On Wed, Jul 31, 2013 at 1:39 PM, Beth McNany <beth.mcn...@gmail.com> wrote:
> ok, ok, if you *really* want it, you could keep track of how many leading
> spaces there are (you are using spaces, right?), and insert an open bracket
> where that number increases and a closing bracket where it decreases. Of
> course, as with all parsing problems, this is oversimplification... if you
> have multi-line statements you'll need to check for those (if line starts
> with """ or ''', ends with \, or if there's an unclosed bracket or paren...)

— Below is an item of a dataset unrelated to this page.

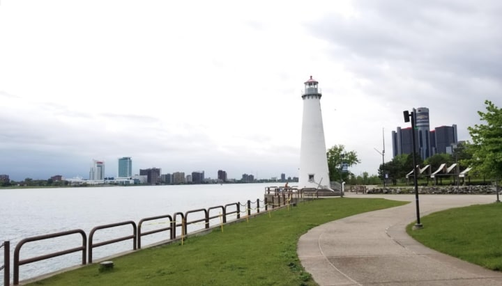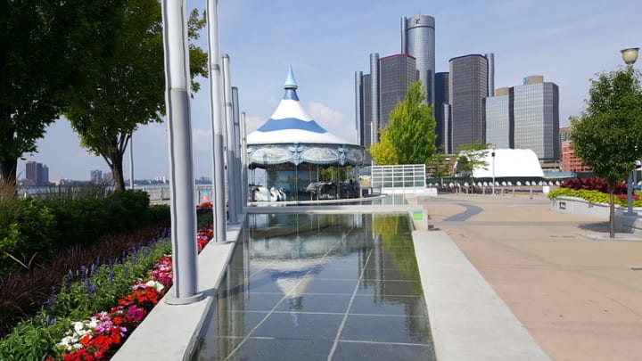 The Detroit Riverwalk is located in downtown Detroit, Michigan offering great views of not only the city but neighboring Windsor, Ontario. It stretches along the Detroit River from the Joe Louis Arena to Gabriel Richard Park.

> - but that'd be a reasonable place to start if you're only doing short code
> snippets.
>
Since the braced version won't run anyway, how about a translation like this:
def foo():
print("""Hello,
world!""")
for i in range(5):
foo()
return 42
-->
0-def foo():
4-print("""Hello,
0-world!""")
4-for i in range(5):
8-foo()
4-return 42
That's a simple translation that guarantees safe round-tripping, and
you can probably do it with a one-liner fwiw... let's see...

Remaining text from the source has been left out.